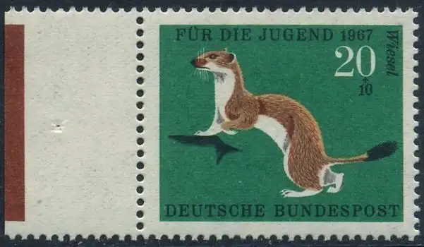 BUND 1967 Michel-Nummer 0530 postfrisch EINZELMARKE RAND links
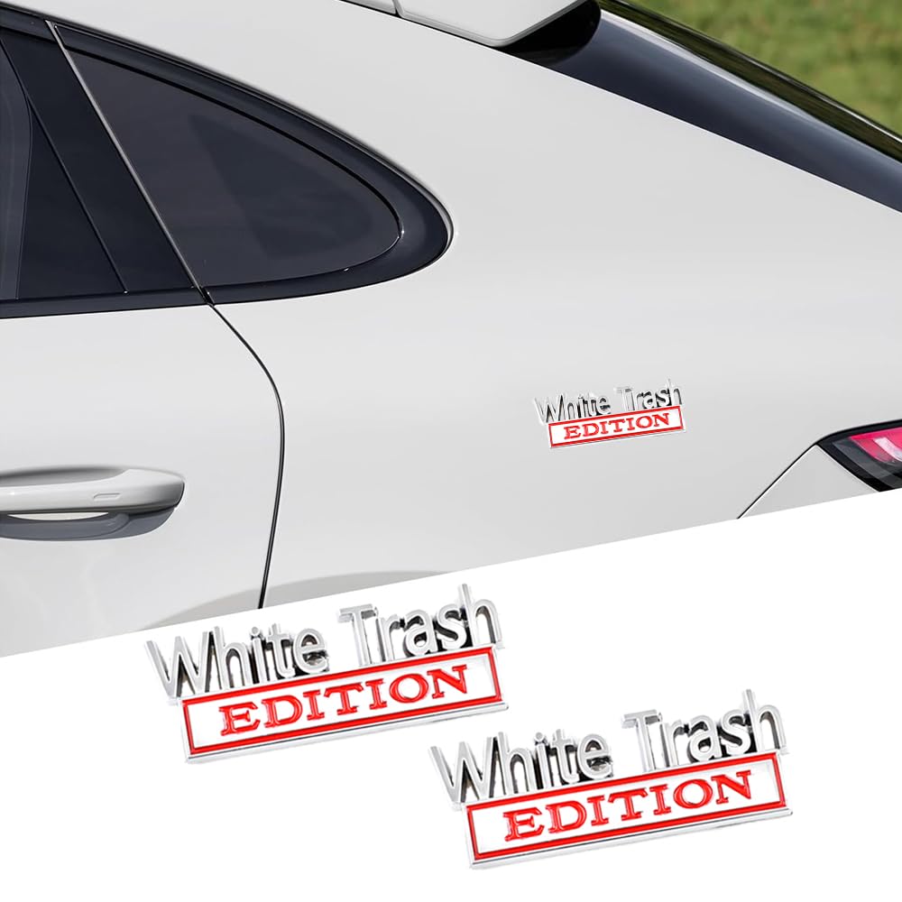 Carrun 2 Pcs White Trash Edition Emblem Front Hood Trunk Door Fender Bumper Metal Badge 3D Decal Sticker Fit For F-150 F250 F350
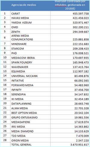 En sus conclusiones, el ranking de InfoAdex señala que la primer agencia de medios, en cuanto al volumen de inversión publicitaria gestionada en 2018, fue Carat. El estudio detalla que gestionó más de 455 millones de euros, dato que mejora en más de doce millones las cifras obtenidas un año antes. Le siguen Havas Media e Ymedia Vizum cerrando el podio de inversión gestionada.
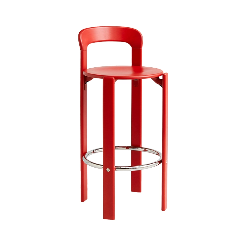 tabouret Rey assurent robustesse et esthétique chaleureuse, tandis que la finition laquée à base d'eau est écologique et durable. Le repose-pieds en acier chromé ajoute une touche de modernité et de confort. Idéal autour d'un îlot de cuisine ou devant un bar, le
--
### Exercise requirements
In the copy, include each line from the start of the material through the line with "Carrun 2 Pcs", word for word, but none of the pictures.

### Response box
 BUND 1967 Michel-Nummer 0530 postfrisch EINZELMARKE RAND links
 Carrun 2 Pcs White Trash Edition Emblem Front Hood Trunk Door Fender Bumper Metal Badge 3D Decal Sticker Fit For F-150 F250 F350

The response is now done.